This work addresses the critical challenge of effectively integrating multiple imperfect large language model verifiers to enhance output validation quality in the absence of ground-truth labels. The authors propose FUSE, a novel method that achieves, for the first time, fully unsupervised and efficient multi-verifier integration, thereby eliminating the reliance on labeled data inherent in conventional semi-supervised approaches. Built upon a phylogenetic ensemble framework, FUSE explicitly models the conditional dependencies among verifiers and incorporates an unsupervised score fusion mechanism, substantially improving verification accuracy. Experimental results demonstrate that FUSE matches or even surpasses the performance of semi-supervised methods across several challenging benchmarks, including GPQA Diamond, Humanity's Last Exam, and the IMO Shortlist.

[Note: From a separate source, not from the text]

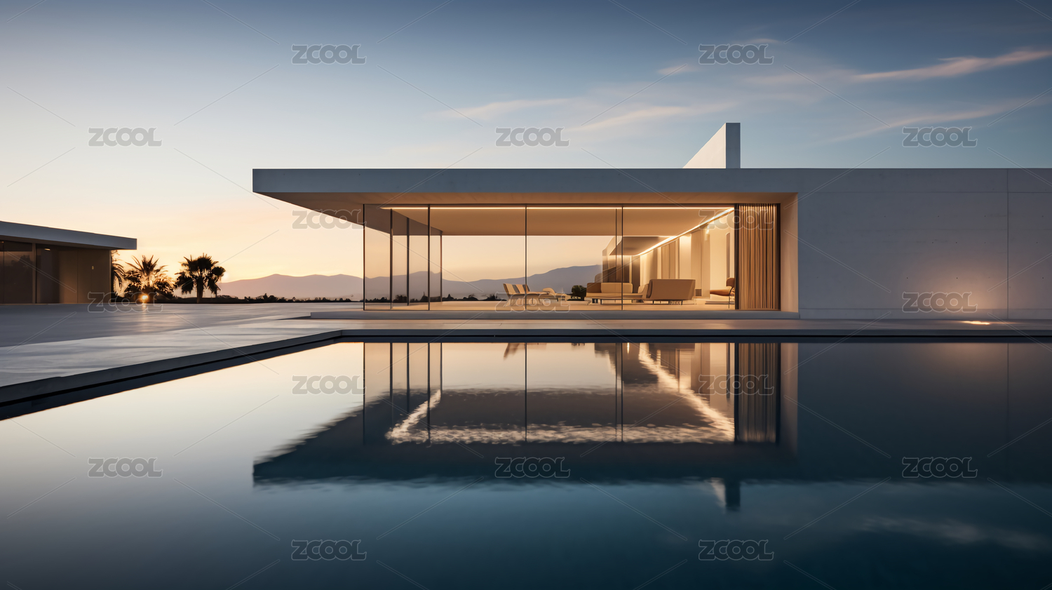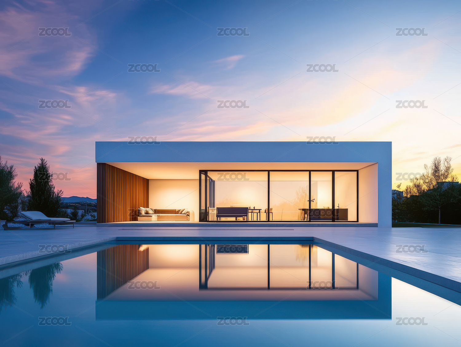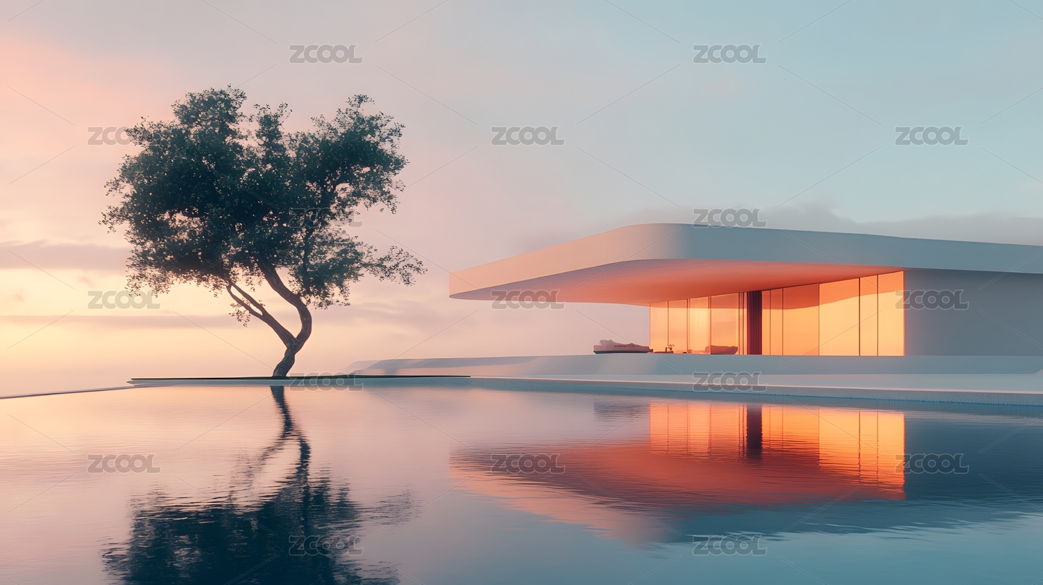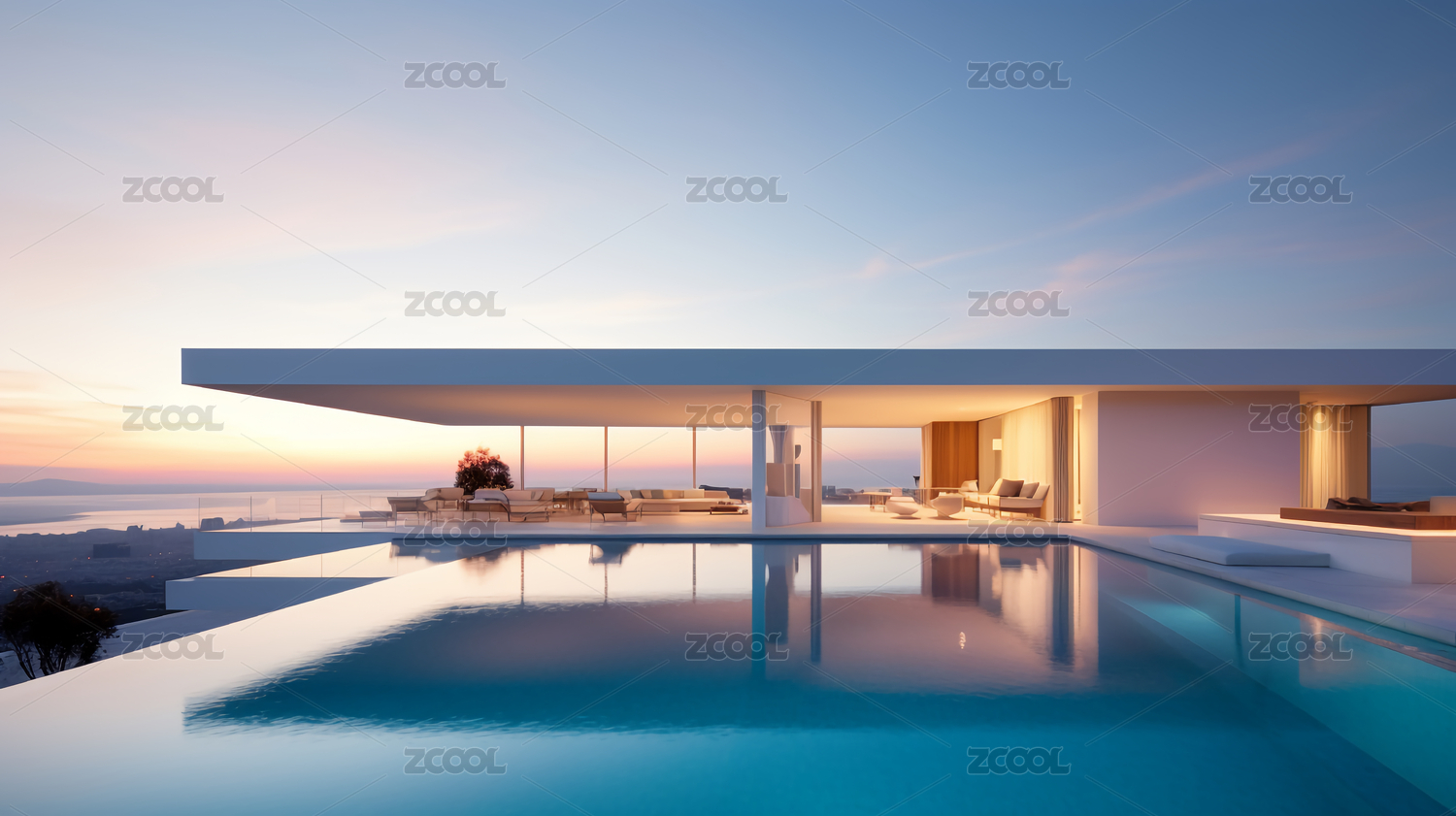 现代,建筑,室外,设计,酒店,餐厅,白色,插画,别墅,简约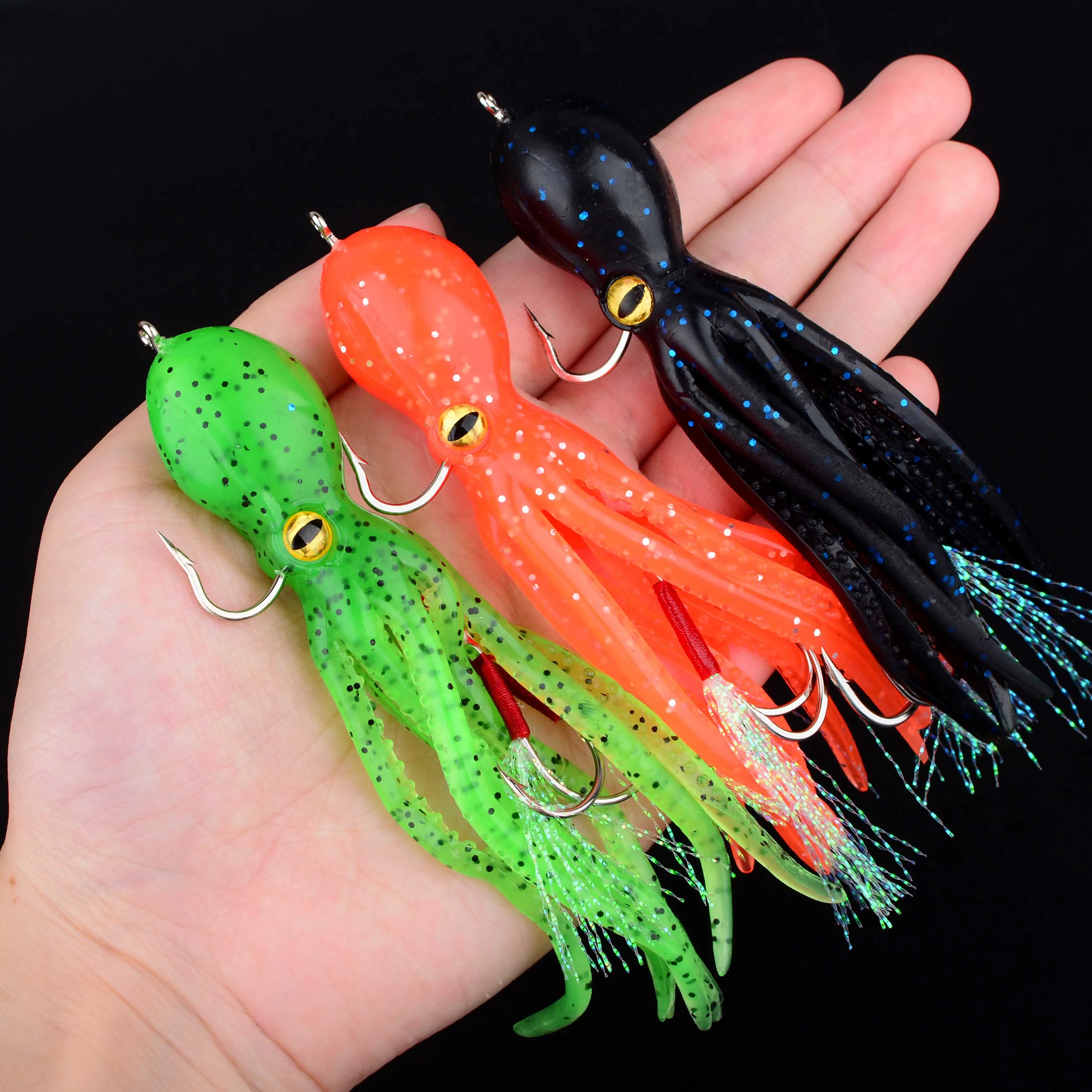 Señuelo de pesca de pulpo, anzuelo de aparejos, cebos blandos artificiales, Triple plantilla que se hunde, herramientas de pesca, 6 uds.

Verification of model outputs is rapidly emerging as a key primitive for both training and real-world deployment of large language models (LLMs). In practice, this often involves using imperfect LLM judges and reward models since ground truth acquisition can be time-consuming and expensive. We introduce Fully Unsupervised Score Ensembling (FUSE), a method for improving verification quality by ensembling verifiers without access to ground truth correctness labels. The key idea behind FUSE is to control conditional dependencies between verifiers in a manner that improves the unsupervised performance of a class of spectral algorithms from the ensembling literature. Despite requiring zero ground truth labels, FUSE typically matches or improves upon semi-supervised alternatives in test-time scaling experiments with diverse sets of generator models, verifiers, and benchmarks. In particular, we validate our method on both conventional academic benchmarks such as GPQA Diamond and on frontier, unsaturated benchmarks such as Humanity's Last Exam and IMO Shortlist questions.